Micah Rucker

No. 88
- Position: Wide receiver

Personal information
- Born: January 4, 1985 (age 41) Bonita Springs, Florida, U.S.
- Listed height: 6 ft 6 in (1.98 m)
- Listed weight: 219 lb (99 kg)

Career information
- High school: Estero (Estero, Florida)
- College: Minnesota (2004–2005) Eastern Illinois (2006–2007)

Career history
- Pittsburgh Steelers (2008)*; Kansas City Chiefs (2008)*; New York Giants (2008–2009)*; Orlando Predators (2010)*; Chicago Rush (2011); New Orleans VooDoo (2012)*;
- * Offseason or practice squad member only

Awards and highlights
- 2× First-team All-OVC (2006–2007);
- Stats at ArenaFan.com

= Micah Rucker =

American football player (born 1985)

Micah Rucker (born January 4, 1985) is an American former football wide receiver. He was signed by the Pittsburgh Steelers as an undrafted free agent in 2008. He played college football at Eastern Illinois.

== College ==

Rucker started his college career at Minnesota before transferring to Eastern Illinois. At EIU, Rucker caught 49 passes for 966 yards and 11 touchdowns in 2006. In 2007, he caught 55 passes for 777 yards and seven scores.

== NFL ==

Rucker was also a member of the Kansas City Chiefs and the New York Giants. The Giants cut him on July 30, 2009, to make room for incoming draft picks.
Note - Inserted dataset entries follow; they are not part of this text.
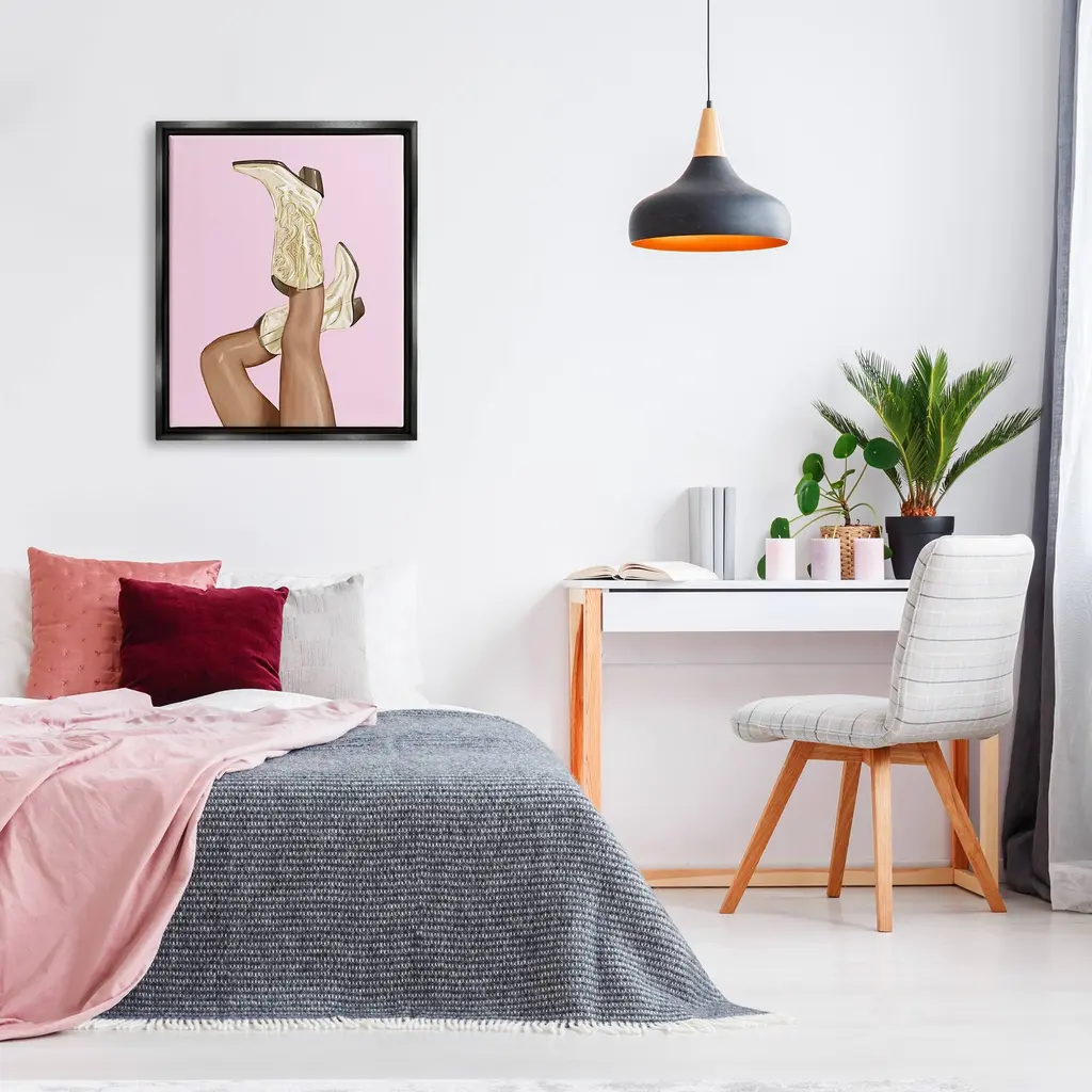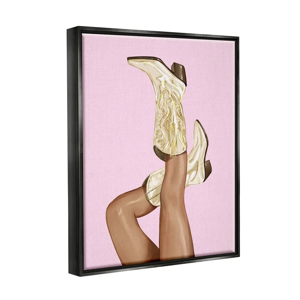 Elevate your home or office to the next level with Stupell Framed Floating Canvas Wall Art. Our premium hand stretched canvas is mounted securly into a sturdy lightweight frame. The museum style gap between wrapped canvas and box frame gives the illusion of floating artwork. Room Type: Living Room, Den, Hallway, Office, Entryway, Study, Dining Room or Bedroom, Guest Room, Studio, Dorm or BoudoirFeatures: Dimensions: 17 x 1.7 x 21 Frame, 16 x 1.5 x 20 Canvas ArtFloating Frame Sizes Include Standard: 17 x 1.7 x 21 Oversized: 25 x 1.7 x 31Wall Art is Ready to Hang - No Installation or Hardware Needed. For Easy Set Up Lean or Layer Artwork on Shelf or Against Wall.Our elevated 1.7" Thick Floating Frame is the perfect complement to our canvas style Wall Art. We use only the highest quality inks in house with industry leading printing solutions. Canvas is hand stretched over a durable wood foundation and then mounted securly into a Modern Box Frame. Made in the USA.Artwork Relates To: Boot, Cowboy Boot, Country, Girl, Cowgirl, PinkDesign by Ziwei Li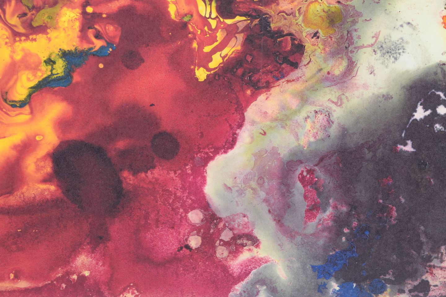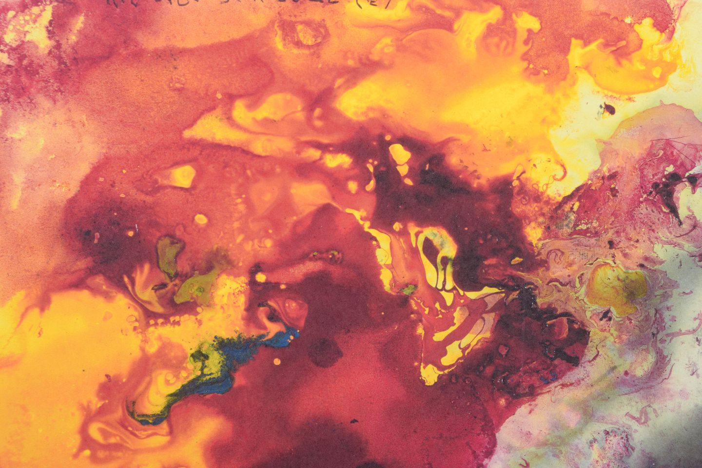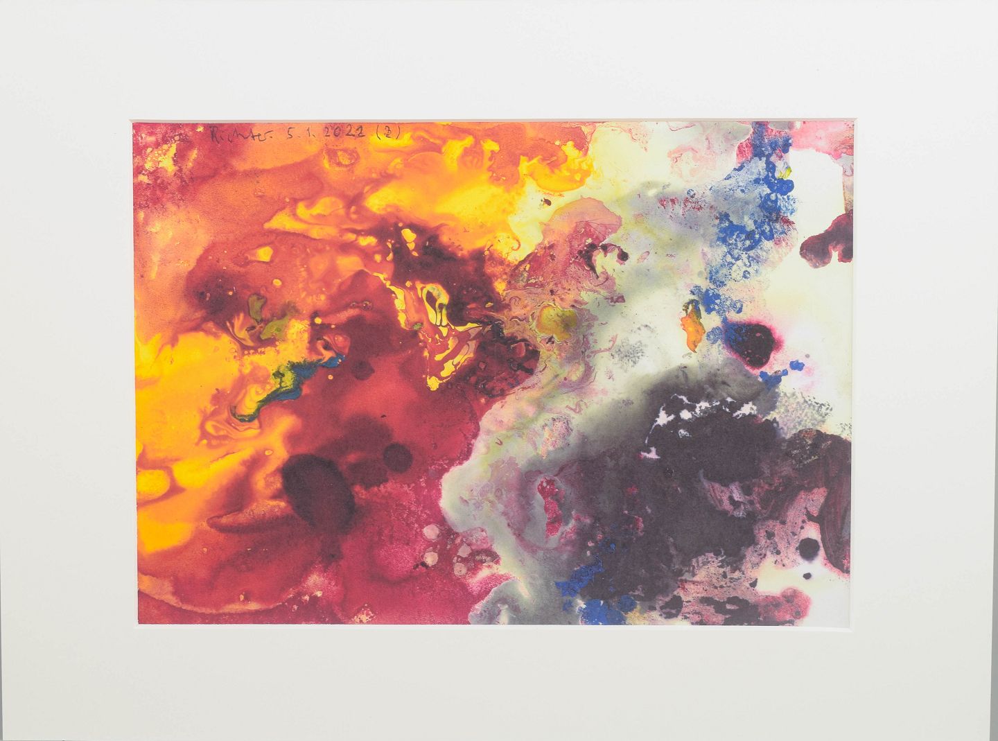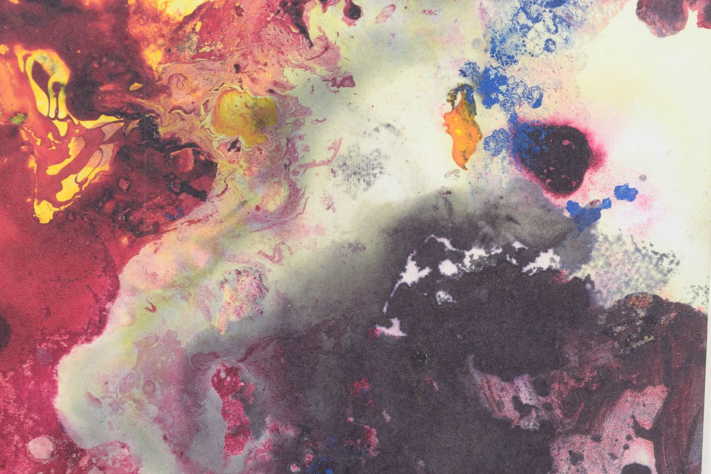 Abstract composition executed as a colour print with dynamic colour fields in intense red, yellow, blue and dark tones. The motif has a fluid and explosive character with organic forms and translucent layers.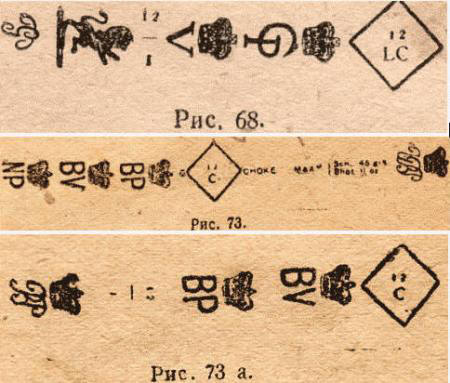Калибр ствола, если поперечник его не более наименьшего размера, принятого в Англии для папковых гильз, напр., для 12 калибра - 18,52 мм, отмечается одной соответствующей цифрой (12, 16 и т.д.), если же поперечник фактически больше нормального размера, ставится клеймо а виде дроби, напр., 12/1 — для 12 калибра, 16/1-16 кал. и т.д., что означает переход к высшему калибру (напр., 12/1 переход от 12 кал. к 11, 16/1 — от 16 к. — к 15 и т.д.). При наличии поперечника меньшего по сравнению с наименьшим размером, принятым в Англии для того или иного калибра, числителем ставится цифра, означающая следующий низший калибр, напр., 13/1 означает калибр переходной от 13 к 12-му. B итоге нормальный набор клейм для ружья лондонского происхождения получает форму, изображенную на рис. 66. Клеймо это, вернее сумма клейм, буквально обозначает: ружье выдержало первое и второе испытания, патронники под гильзу 12 калибра, калибр ствола по его фактическому поперечнику является переходом от 12 калибра к 11, сверловка чок.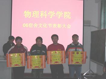 物理学院团总支、学生会组织的为期一个月的我院大学生06冬季宿舍文化节日前结束。通过建设宿舍文化,推动了我院大学生文明修身活动的开展,展现了我院大学生的精神风貌。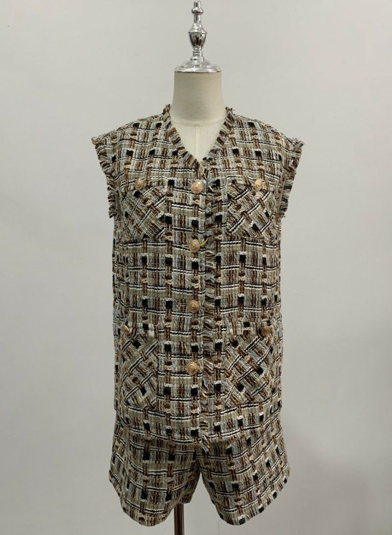 予約 ツイード ジレ+ ショートパンツ セットアップ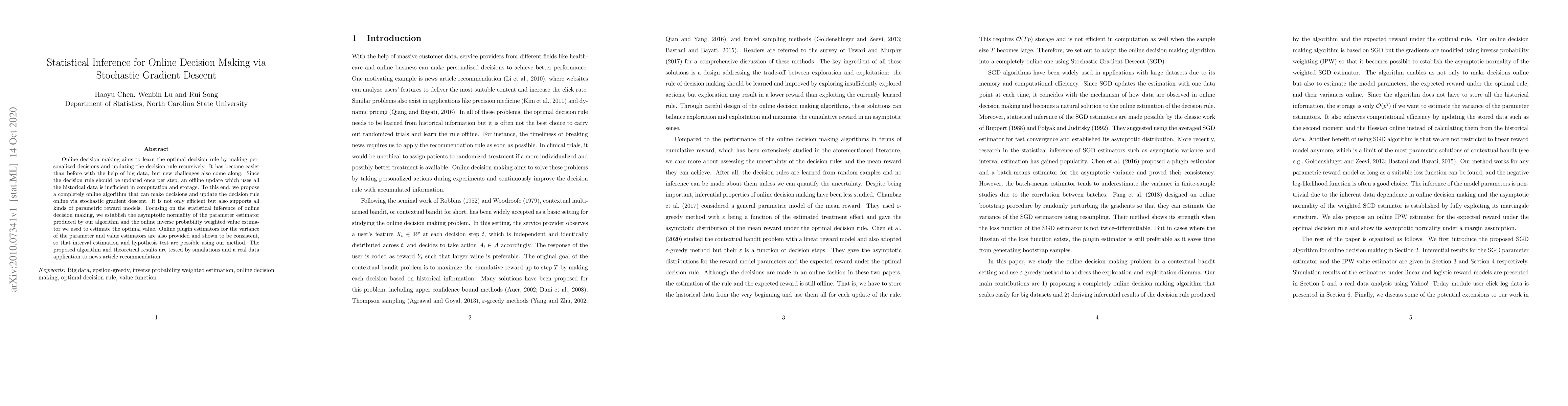 This paper proposes an online algorithm using stochastic gradient descent for efficient decision making, establishing the asymptotic normality of parameter and value estimators. Simulations and a real-world application to news article recommendation demonstrate its effectiveness.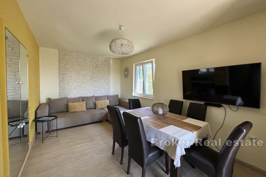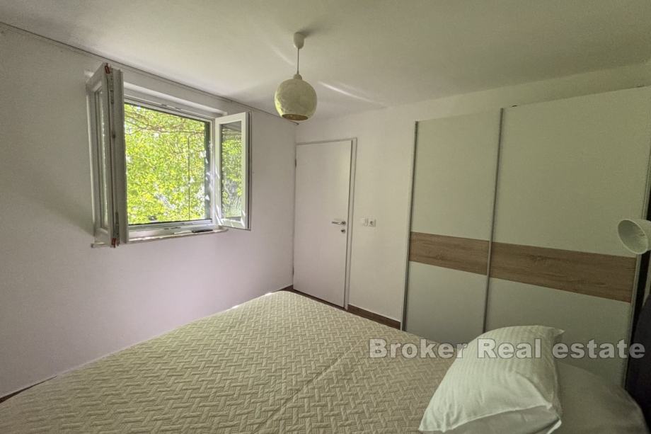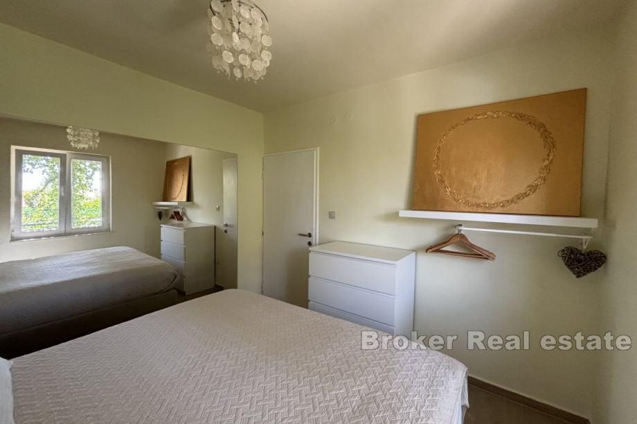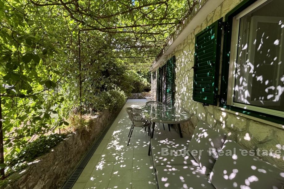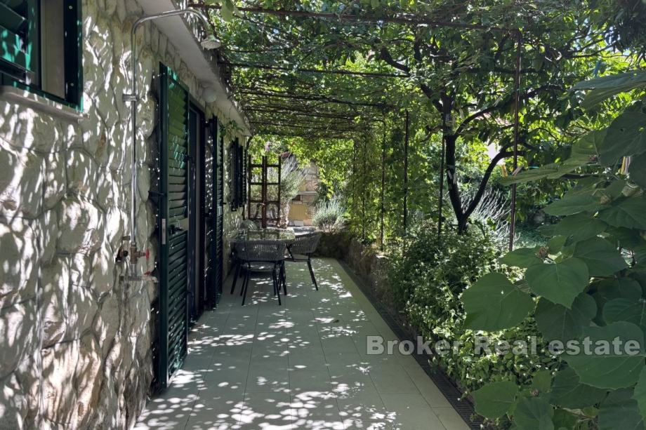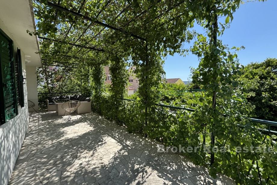 Na prodaju je manja obiteljska kuća vrlo blizu mora, na južnoj strani otoka Čiovo. Proteže se preko dvije etaže i južno je orijentirana s djelomičnim pogledom na more i s pomno obrađenim vrtom.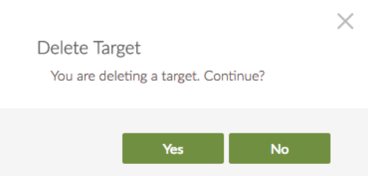 - In the Delete Target dialog, click Yes; if the target is applied to one or more pieces of content, a message confirms this and you will not be able to delete the target.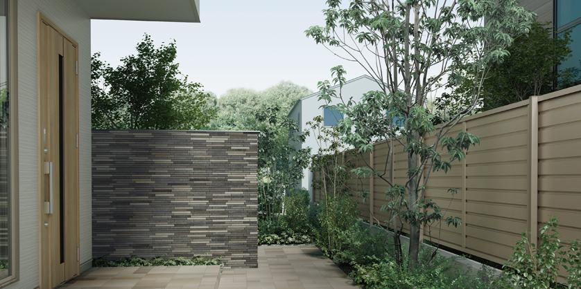 フェンス裏面も木調で、内観からの見た目も美しく。外構デザインのバリエーションが広がります。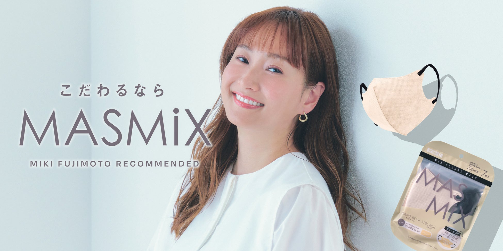 藤本美貴さんに『MASMiX』のイメージキャラクターに就任いただき、3年が経過しました。コロナ禍が収束した今、マスクは感染症対策の必需品としてだけでなく、ファッションアイテムやすっぴん隠しのツールとしても定着し、日常生活と切り離せないものとなりました。そんな中で『MASMiX』は、豊富なカラーバリエーションを有し、おしゃれアイテムとしてその日の服装や気分に合わせたコーディネートを可能としています。また、新発売の『MASMiX Smooth』は、内側なめらかすべすべ加工で、さらっと優しい肌あたりを実現した、『MASMiX』としても新たな挑戦となる製品です。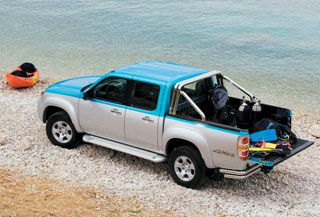 Ursprungligen var BT-50 tänkt som den första zoomzoomupphämtningen, som inte skiljer sig från komfortnivån från passagerarsamlingar. Det var detta tillvägagångssätt som gav ett bra genomförande i Ryssland, eftersom potatis eller ved sällan bär på dessa lastbilar. Allhjulsdrivna bil finns ofta i stora städer, inklusive i Moskva. Dessutom blir en mängd olika vattencyklar, fyrhjulingar, skotrar, snöskotrar och andra tekniker som måste transporteras på något alltmer populära. MAZDA BT-50 i sådana fall är en oumbärlig assistent. Om något inte passar i kroppen kan du använda släpvagnen. Pickup kan dra en vagn som väger i 3 ton. Sant måste förutsättningen för släpvagnen vara sina egna bromsar. Med sin frånvaro är det möjligt att bara dra 750 kg. Minns, nu är bilen släppt i tre versioner av vanlig hytt (2 platser, lång lastkropp), freestyle cab (4 platser öppnade i mitten av dörren) och dubbelhytt (2 framsäten, 3-bädds baksäten på sofftyp). Endast den mest bekväma och dyra dubbla stugan är officiellt till vårt land. Av de särskiljande egenskaperna är det värt att notera en pickup stötfångare, praktiskt taget oförmögen att gå utöver kropparna, som på de flesta lastbilar.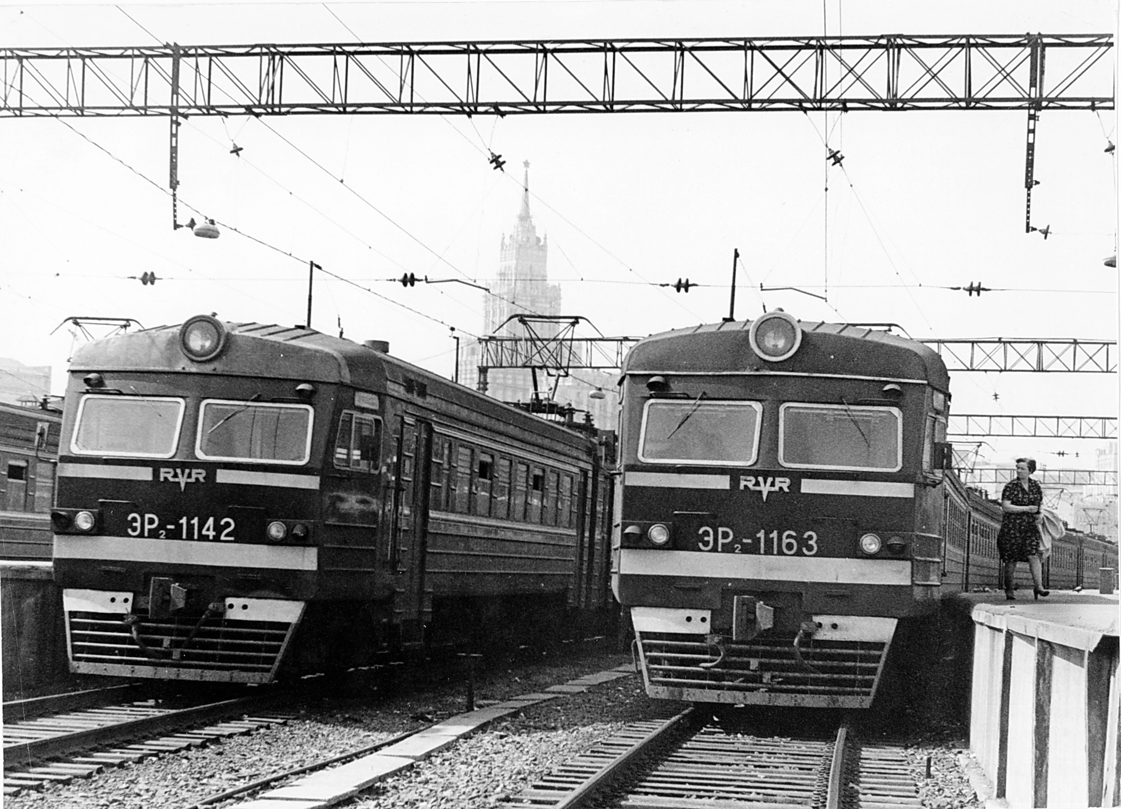 Электропоезда ЭР2-1142 и ЭР2-1163 приписки депо Раменское на перроне Казанского вокзала г. Москвы.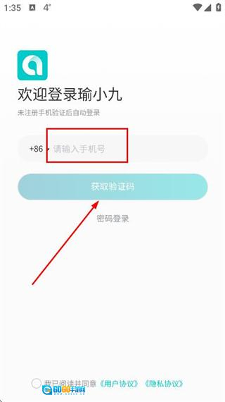2、在手机登录界面输入手机号,勾选相关协议后,点击“获取验证码”按钮。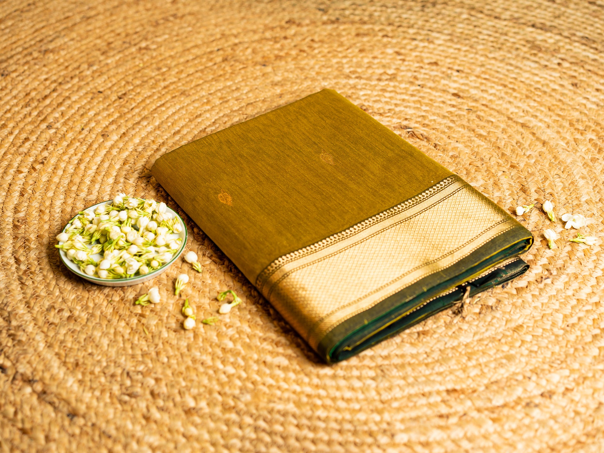Traditional Maheshwari Paithani Border with all over Swastika Zari Butti Weaving Sarees Olive Green & Bottle Green

== Arena Football League ==

Rucker signed with the Orlando Predators of the Arena Football League during the 2010 offseason. Before the season, Rucker was traded to the Chicago Rush for wide receiver Robert Quiroga and became one of Chicago's three starting wide receivers, catching 18 passes, 161 yards and four touchdowns through four games.